Open patienceFromZhou opened 6 years ago

patienceFromZhou commented 6 years ago

Densenet https://arxiv.org/pdf/1608.06993.pdf has been proved efficient. here i got some trouble implementing it in matconvnet.

as shown in the paper, the feature maps of all preceding layers are treated as separate inputs whereas its own feature maps are passed on as inputs to all subsequent layers. i use vl_nnconcat to concat two tensors sized 80×80x32 and surely i got a 80x80x64 one. the question is, when feed the concatenated tensor into next conv layer, the kernel size is 3x3x32xoutmaps. it seems the two tensors are calculated separately, not in a whole(which is ought to be 3x3x64xoutmaps ). is the paper intended to calculate them separately or i misunderstood it ? and what should i do if i was to calculate the tensors in a whole.

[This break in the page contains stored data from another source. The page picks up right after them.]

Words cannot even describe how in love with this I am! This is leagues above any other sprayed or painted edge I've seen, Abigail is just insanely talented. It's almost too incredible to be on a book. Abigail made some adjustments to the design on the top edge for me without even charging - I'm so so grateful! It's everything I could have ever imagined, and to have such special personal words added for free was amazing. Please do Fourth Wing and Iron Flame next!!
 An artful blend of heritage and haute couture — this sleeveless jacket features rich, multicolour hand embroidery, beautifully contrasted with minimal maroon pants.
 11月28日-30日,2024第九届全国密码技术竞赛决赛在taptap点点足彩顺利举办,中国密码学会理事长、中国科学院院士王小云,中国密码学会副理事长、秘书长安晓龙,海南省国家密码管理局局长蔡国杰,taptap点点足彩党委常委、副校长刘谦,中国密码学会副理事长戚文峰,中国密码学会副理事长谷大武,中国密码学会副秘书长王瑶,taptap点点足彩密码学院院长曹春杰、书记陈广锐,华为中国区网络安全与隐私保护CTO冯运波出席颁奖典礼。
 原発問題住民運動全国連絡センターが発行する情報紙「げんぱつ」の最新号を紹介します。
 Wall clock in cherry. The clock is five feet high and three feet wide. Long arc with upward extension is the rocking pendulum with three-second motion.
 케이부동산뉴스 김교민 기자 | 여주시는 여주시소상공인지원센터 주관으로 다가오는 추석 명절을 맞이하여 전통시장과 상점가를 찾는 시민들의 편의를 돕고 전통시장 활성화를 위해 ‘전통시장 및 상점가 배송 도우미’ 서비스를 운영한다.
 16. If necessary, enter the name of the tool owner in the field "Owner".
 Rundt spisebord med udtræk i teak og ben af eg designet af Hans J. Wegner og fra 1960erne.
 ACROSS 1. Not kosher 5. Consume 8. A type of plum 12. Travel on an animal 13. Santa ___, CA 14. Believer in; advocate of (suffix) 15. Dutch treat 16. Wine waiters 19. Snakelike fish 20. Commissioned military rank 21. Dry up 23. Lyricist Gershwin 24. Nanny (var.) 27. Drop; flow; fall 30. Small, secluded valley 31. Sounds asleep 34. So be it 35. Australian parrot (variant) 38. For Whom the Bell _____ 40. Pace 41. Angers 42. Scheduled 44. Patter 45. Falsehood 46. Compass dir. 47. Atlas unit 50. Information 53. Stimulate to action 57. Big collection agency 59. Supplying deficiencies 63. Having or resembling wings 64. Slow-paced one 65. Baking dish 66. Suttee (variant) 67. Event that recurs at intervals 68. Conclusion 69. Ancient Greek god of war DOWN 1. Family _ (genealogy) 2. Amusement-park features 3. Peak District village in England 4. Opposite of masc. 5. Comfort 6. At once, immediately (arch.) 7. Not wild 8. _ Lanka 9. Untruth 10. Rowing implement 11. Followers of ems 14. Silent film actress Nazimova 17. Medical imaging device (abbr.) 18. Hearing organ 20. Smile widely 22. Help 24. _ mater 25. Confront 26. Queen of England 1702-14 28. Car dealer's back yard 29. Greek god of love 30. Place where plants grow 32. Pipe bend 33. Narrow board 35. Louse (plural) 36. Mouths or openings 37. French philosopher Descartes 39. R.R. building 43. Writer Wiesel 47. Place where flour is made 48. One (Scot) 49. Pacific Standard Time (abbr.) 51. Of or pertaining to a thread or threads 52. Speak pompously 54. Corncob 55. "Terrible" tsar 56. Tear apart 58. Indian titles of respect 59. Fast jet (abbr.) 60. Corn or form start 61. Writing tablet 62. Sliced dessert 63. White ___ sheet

hbilen commented 6 years ago

You can find pretrained densenet models in http://www.robots.ox.ac.uk/~albanie/mcn-models.html. You can easily reinitialise model parameters to train from scratch

Addhi86 commented 3 years ago

@hbilen I downloaded the densenet 121, the layers parameter I checked is bit different from what we generally do for the convolutional neural network. the first convolutional layer is 7x7x3x64, max pooling , convolutional layer-a 1x1x64x128 convolutional laye-b 3x3x128x32 convolutional layer-c 1x1x64x128 convolutional layer-d 3x3x128x32 convolutional layer-e 1x1x128x128 convolutional layer-f 3x3x128x32 ... I want to know that why there is difference in the output of convolutional layer-d and in the intput of the convolutional layer-e?